About this exercise:
The lines from the one containing "- Global Transposition" through the last one in the data: please copy those exactly, and only those, without the pictures.

Raw data:
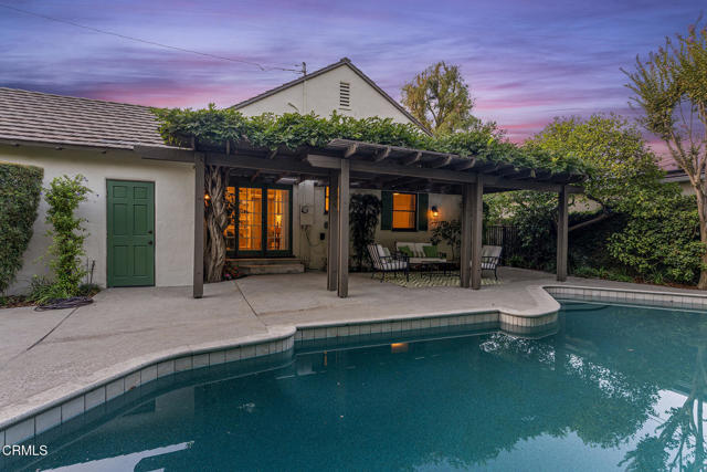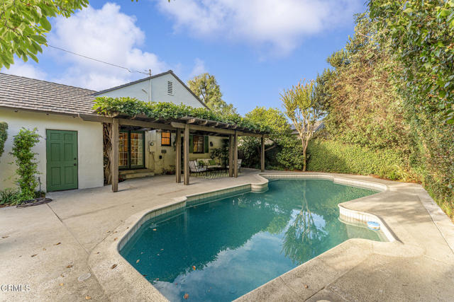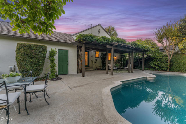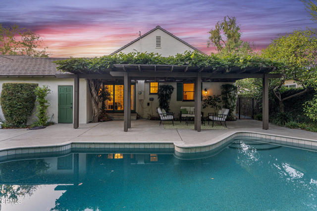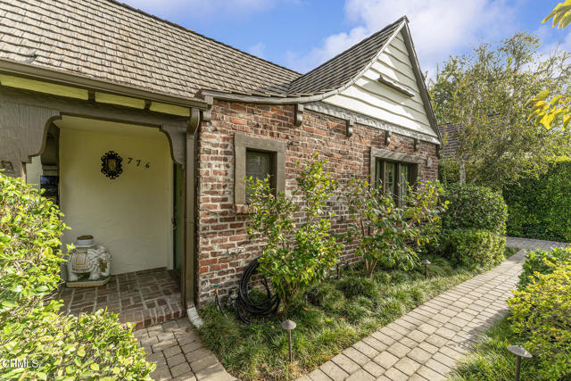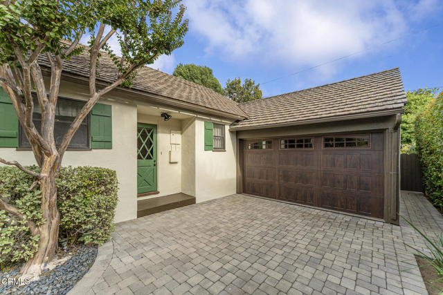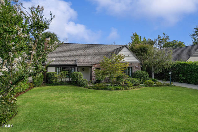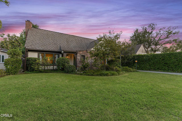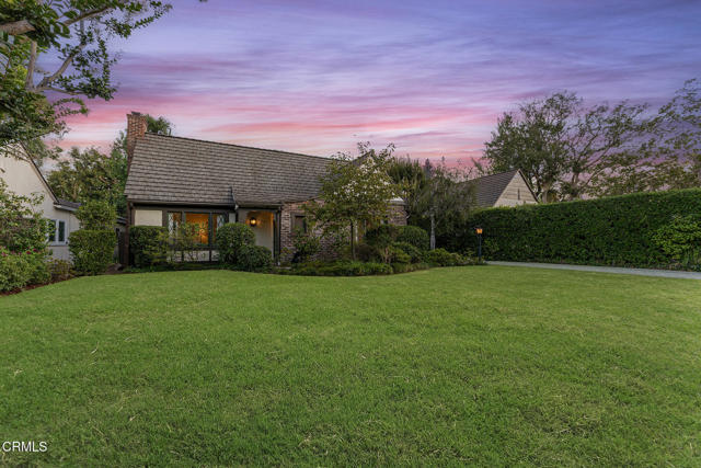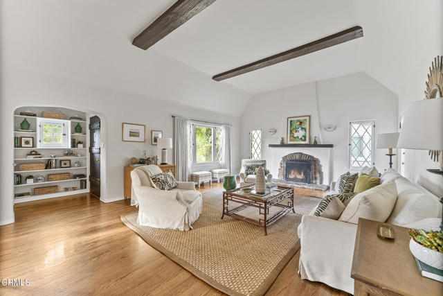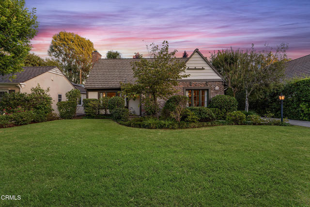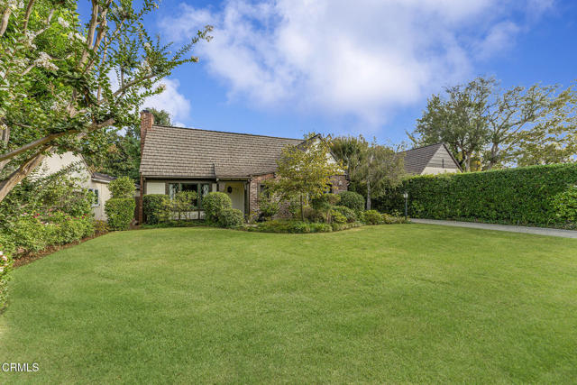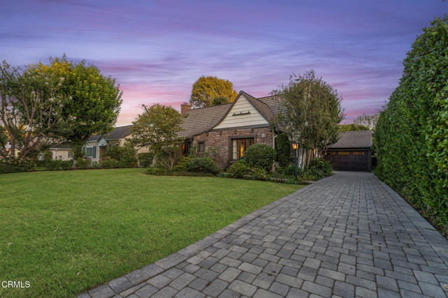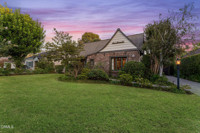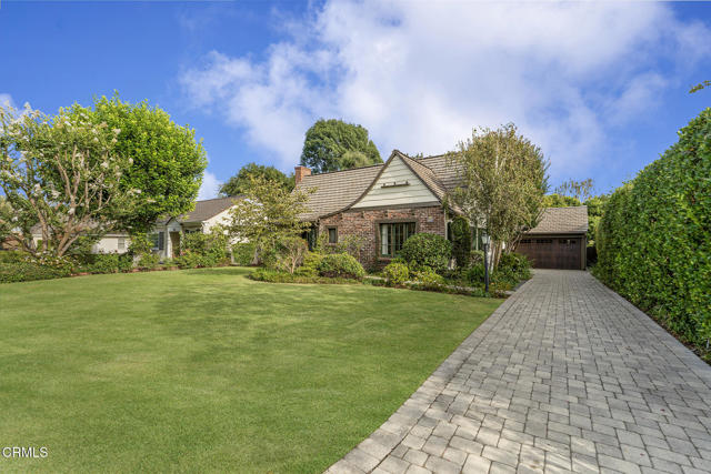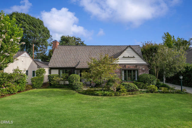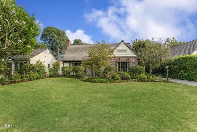 Nestled on a quiet street in San Marino's highly desirable Mission District, this English Cottage evokes the timeless charm of the countryside. With its steeply pitched roof, aged brick facade, and diamond-pane windows, the home radiates warmth and storybook appeal. A paver stone walkway meanders through lush flower beds to the inviting porch featuring arched wood beams that accent a vintage paneled door create a welcoming prelude to the home. Beyond the entry, built-in shelves and a petite view window lead into the dramatic living room, revealing soaring vaulted ceilings with exposed beams, gleaming hardwood floors, anchored by a striking stone fireplace with raised hearth and rustic wood mantel. A French door opens to the side patio, blending indoor and outdoor living. The formal dining room, illuminated by an opaque glass chandelier and abundant natural light, opens to the sunny breakfast room featuring a wrought-iron chandelier adorned with hand-painted ceramic accents, walls of cabinetry, a convenient prep sink, and a tiled serving counter that connects seamlessly to the kitchen--perfect for casual meals or morning coffee. The functional kitchen is appointed with tiled countertop, matching backsplash, and custom cabinetry. A versatile mudroom with laundry and an adjoining three-quarter bath adds everyday convenience, while a side door opens to the paver driveway that leads to the detached garage. A central hallway leads to the home's private quarters, where one bedroom features a walk-in closet and French doors to the side patio. At the end of the hall, a flexible primary suite can be closed off for added privacy and offers double closets, tranquil views of the backyard, and a primary bath with dual sinks. A third bedroom doubles as an office or den, enhanced by built-in bookcases and French doors that open to a wisteria-draped pergola--an enchanting setting for dining al fresco. The private backyard unfolds as an oasis of relaxation and leisure, with a sparkling pool surrounded by lush hedges and mature trees, offering the perfect retreat for lounging by the water or gathering with friends on warm evenings. Combining classic English charm with the best of California living, this quintessential cottage is truly your home sweet home!
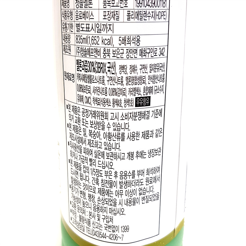 청솔FNB 메론원액(835ml 835g/EA) 이미지
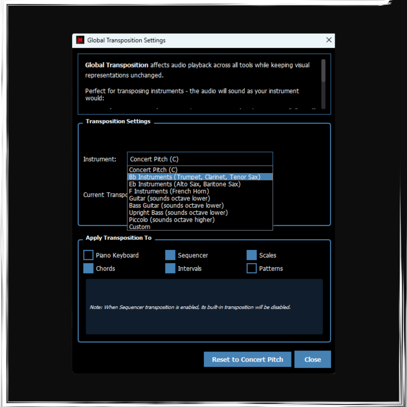 - Global Transposition (A core transposition algorythm that allows to use Mingus with any Transposing Instrument)
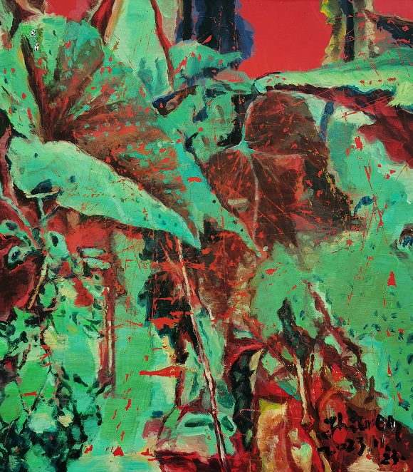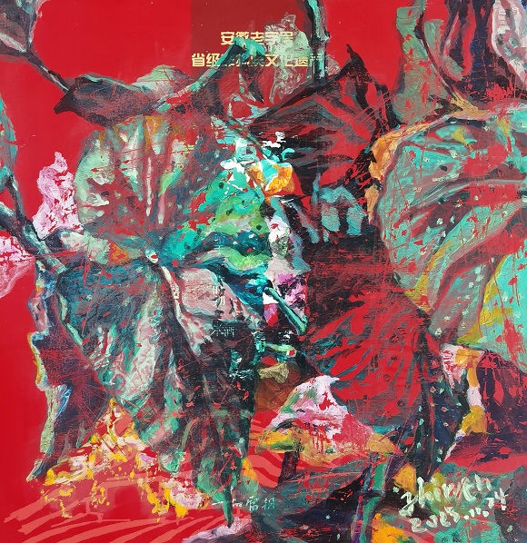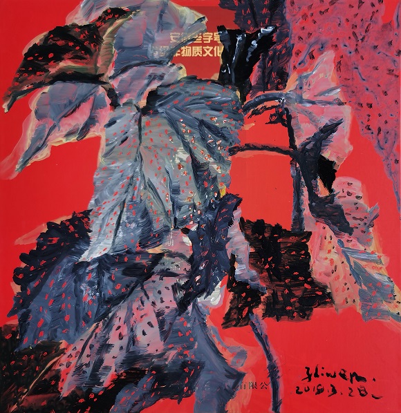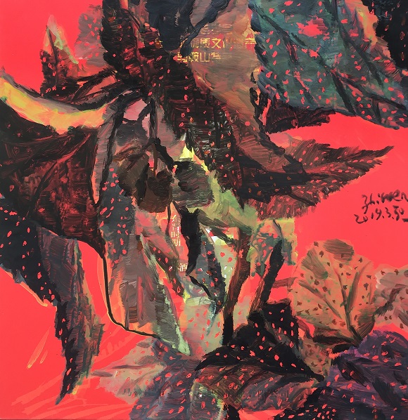 據介紹,這些系列作品自2017年至今斷斷續續地創作了數年。藝術家巧妙地將作品分為三個篇章:清新凌洌的淺灰色、靜謐幽雅的深藍色以及熱烈神秘的大紅色。畫作中的花朵顯得頗具戲劇性,恣意綻放的白百何和即將枯萎的康乃馨以及慵懶舒展的綠葉,在畫面中成為隆重登場的主角。藝術家在有限的二維空間里用書寫入畫的方式神奇地展現了一個豐富與神秘感并存的世界。

Response area:
 - Global Transposition (A core transposition algorythm that allows to use Mingus with any Transposing Instrument)
 據介紹,這些系列作品自2017年至今斷斷續續地創作了數年。藝術家巧妙地將作品分為三個篇章:清新凌洌的淺灰色、靜謐幽雅的深藍色以及熱烈神秘的大紅色。畫作中的花朵顯得頗具戲劇性,恣意綻放的白百何和即將枯萎的康乃馨以及慵懶舒展的綠葉,在畫面中成為隆重登場的主角。藝術家在有限的二維空間里用書寫入畫的方式神奇地展現了一個豐富與神秘感并存的世界。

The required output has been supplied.